Отворяется, дверь. Все выжидательно смотрят.

— Зауэр! — кричат на коридора.

Рабочий в вельветовых штанах грузно подымается и идет к двери.

— Вас зовут Зауэр? Отто Зауэр?

— Да.

— Выходите!

Дверь снова затворяется. Тройка возобновляет свою ходьбу. Джентльмен-грабитель, как мысленно назвал его Мизике, по-прежнему держит руки в карманах и насвистывает. По всей видимости, он решил не принимать близко к сердцу перемену, происшедшую в его жизни.

— Ну, а стоило ли, по крайней мере?

— Какое там! И ста марок не набралось! — И он машет рукой. — Нестоящее дело! Слава богу, что старик жив остался, а то было бы совсем скверно.

Для Мизике это уж слишком. Он делает вид, будто устал, и отходит. Усевшись на прежнее место, он украдкой наблюдает за ними и вдруг с ужасом осознает, где находится.

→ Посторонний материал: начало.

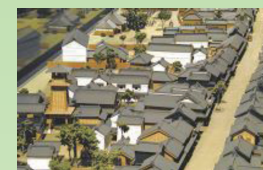
蔵造りの町並み復元模型

城下町から近代都市への発展を、川越大火と蔵造りの町並み、産業の振興を中心に展示。テーマで展示。

Боже праведный, хоть бы скорее его вызвали!..

В коридоре загремели посудой. Время обеда. Среди арестованных растет беспокойство. Слышны вопросы: что дадут? Как кормят? Присылают ли пищу из дома предварительного заключения или здесь своя кухня? Кто-то уверяет, что еду доставляют из ближайшей благотворительной столовой.

Курить нечего. Все клянчат друг у друга. Жадно следят за переходящим изо рта в рот маленьким окурком. Воздух невыносимый — запах уборной, пота, табачный дым. У двери вместо плевательницы большой плоский ящик с песком, покрытым харкотой. Мизике старается не смотреть туда, и если нечаянно взглянет, чувствует позыв на рвоту.

Раздают миски для еды. Арестованные становятся у двери, каждый со своей миской. Дают лапшу.

Мизике усердно хлебает. Он нашел даже маленькие кусочки мяса, да и на вкус суп лучше, чем он ожидал. Со всех скамеек слышно молчаливое торопливое чавканье на все лады. Мизике не спешит. Он успел сделать только три глотка, а вокруг уже скребут ложками по дну чашек. Молодые парни мигом проглотили свою порцию.

Во время еды дверь вдруг отворяется. Шатаясь, входит молодой рабочий. Он согнулся, как будто несет невидимый груз. Левый глаз, посинел, распух и кровоточит. Все оборачиваются. Большинство отставляют свои миски и окружают его.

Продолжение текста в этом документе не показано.